Benefits Of Establishing A Charitable Trust Fund
By establishing a charitable trust, citizens of the United States are in a position where they can reduce their constitutional obligation to pay estate taxes almost entirely, and leave their estate intact to be passed on to which they see fit, and not the US government. This relatively recent breakthrough precludes the need to pay capital gains tax on property or assets disposed of as well as reducing the need to pay income tax on the same asset disposal, as long as the trust is established during the same financial year.
The Inland Revenue demand that the capital or assets included in the charitable trust be funneled into charities and/or foundations that are recognized by them, irrespective if they are situated in the United States or anywhere else in the World.
The establishment of a charitable trust provides a double sided benefit for its founders.
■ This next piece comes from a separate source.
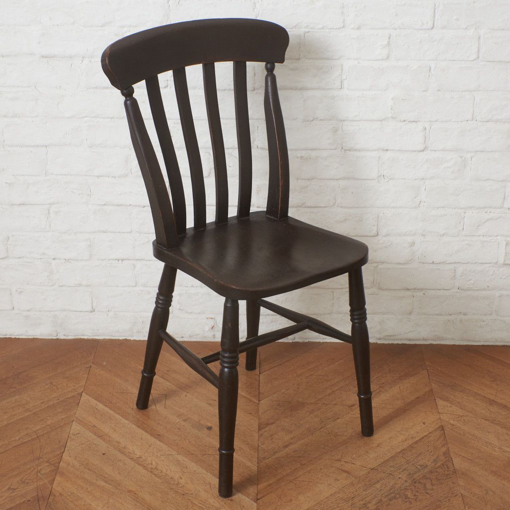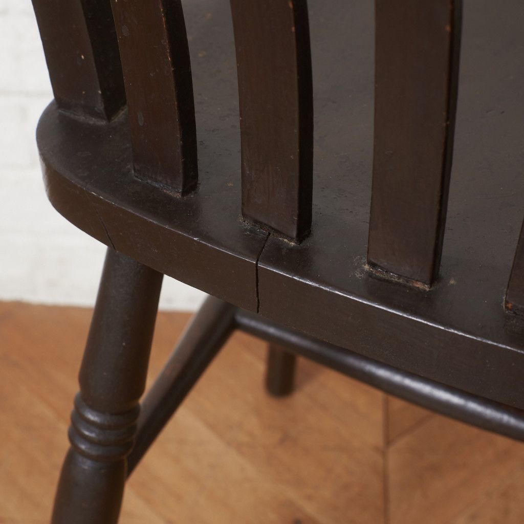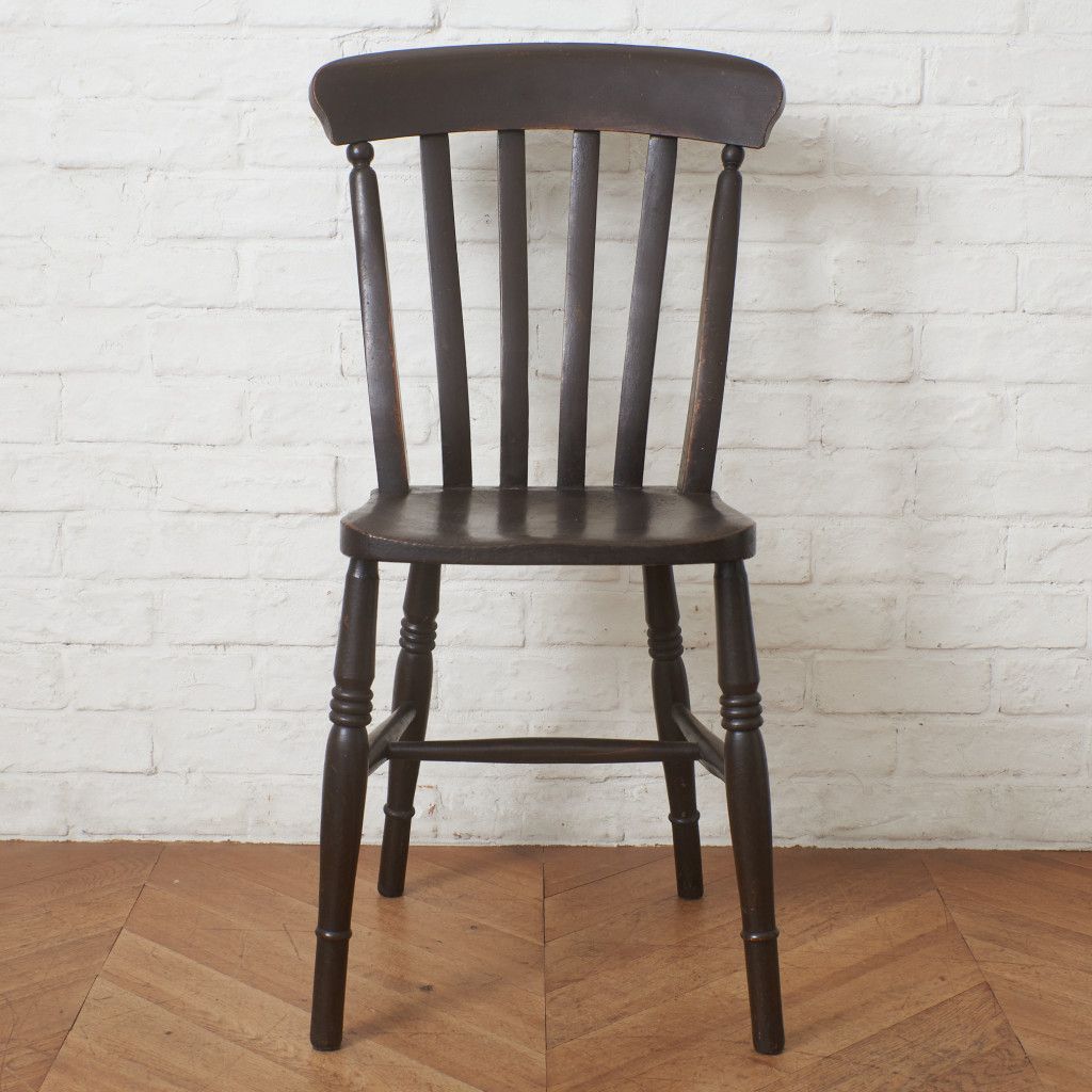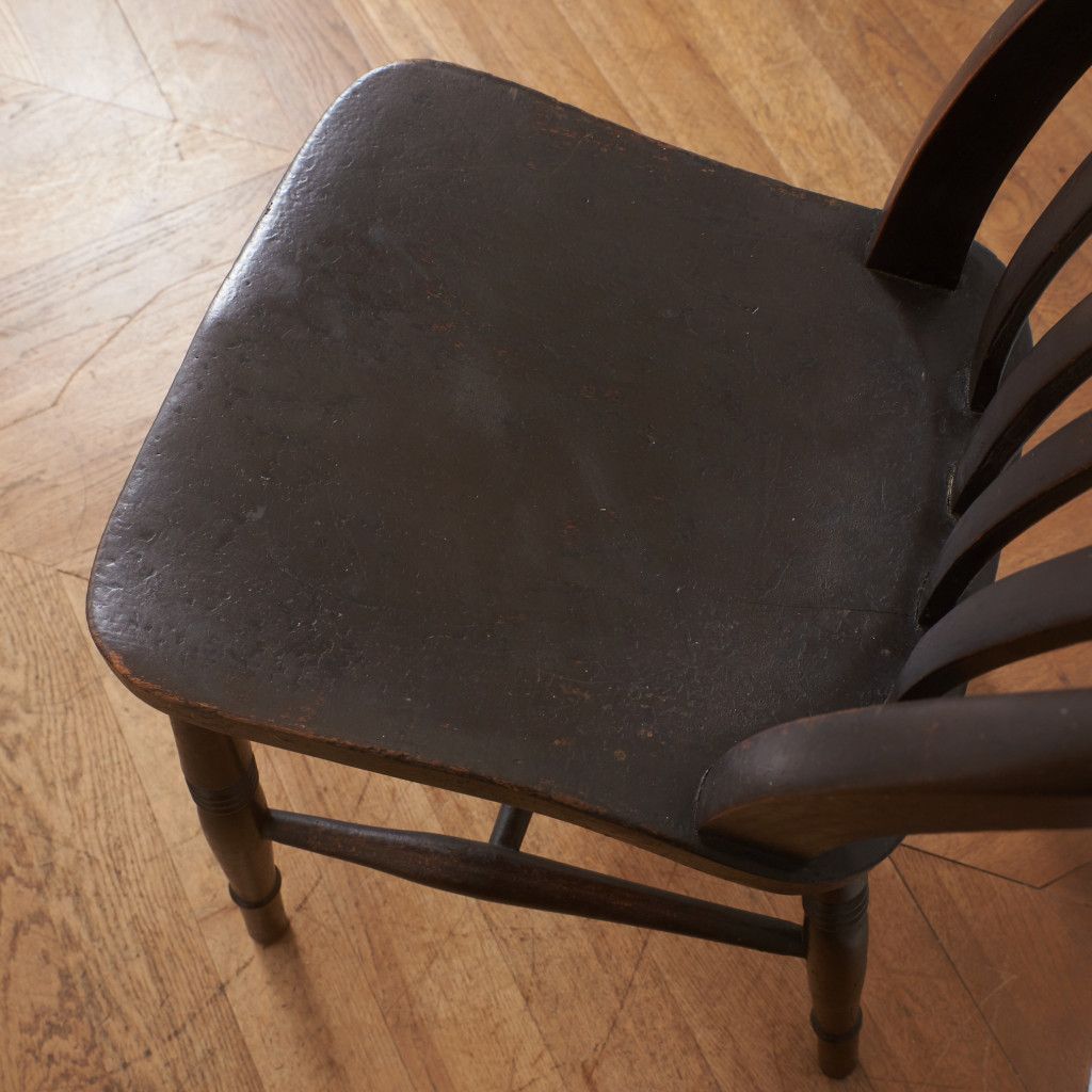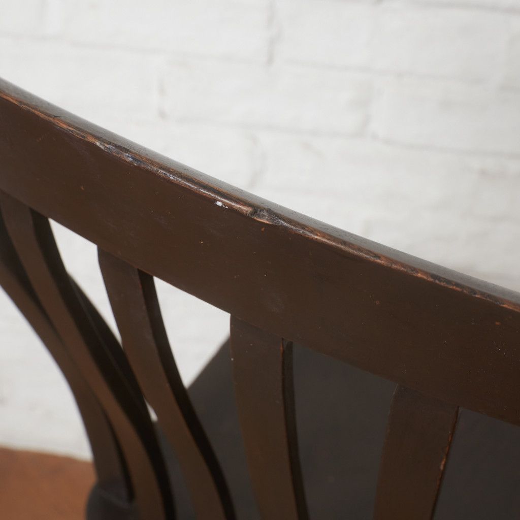 背もたれや脚の挽物装飾が印象的なチェア。使い込まれた木肌の質感や手仕事と経年変化による歪み、無垢材を用いたアンティーク家具ならではの存在感のあるお品です。グリーンとも相性がよく、ディスプレイとしてもお楽しみいただけます。

They can enjoy both the prestige and satisfaction of seeing the money that they have worked hard for and taxed their ingenuity to protect go towards a charity or foundation that they care strongly about and where they can see and feel the direct result of their generosity. There are thousands of these charitable trusts being established every month. Some of them are surprisingly small and some of them are very large. Probably the largest charitable trust ever to be established is that founded by the founder of Microsoft, Bill Gates and joined by the legendary Warren Buffett, which today has a joint asset value running into the tens of billions of dollars. The extent of such a trust extends all borders and reaches out to the weak and hungry in every corner of the globe.
What these highly talented and successful people realized and Buffett once said, is that you can only eat three meals a day, drive one car at a time and if you left your loved ones well provided for, then there was not a lot more that you could do with the money. With these two gentlemen with a combined fortune of around ninety billion dollars there was a lot of money left over, and a lot of good that could be done with it. They fully realized that once the money was invested in the trust it became a property of it and could never be refunded. The fund is run by a trustee, who is usually a bank official or a lawyer. Dependant on the size of the fund, a full time trustee will be appointed. This trustee enjoys full responsibility in distributing the funds in the trust, at the bequest of the donators. The good people who have established the trust cannot be actively involved in the distribution of its assets through US court legislation.
Dependant on the size of the charitable trust and the needs of the people who established it, the trustee can pay a small tax paid stipend from the trust. However the founder of the trust has to ensure that this fact is written clearly in the trust declaration before or during the trust’s establishment.
In most cases, the charitable trust fund is established and funded form sales of property which carry a fairly heavy capital gains tax or stocks and shares. If the person or persons selling off these assets place all income from asset disposal in their charitable trust, within a financial year then they will be liable to pay capital gains tax on the sale or sales of their assets. Once a charitable trust has been established, the founder can continue to increase its asset value. However they will not be allowed to remove any of the assets from the trust without being liable for fairly considerable tax levies.
Sensible planning of a charitable trust means that the founders can take care of themselves in a reasonable manner through drawing a stipend from the trust in their retirement years, as well as helping people less fortunate than themselves. The same wise and prudent people may well establish a living trust also, which will provide for their loved ones after they passed, as individuals cannot be benefactors of a charitable trust.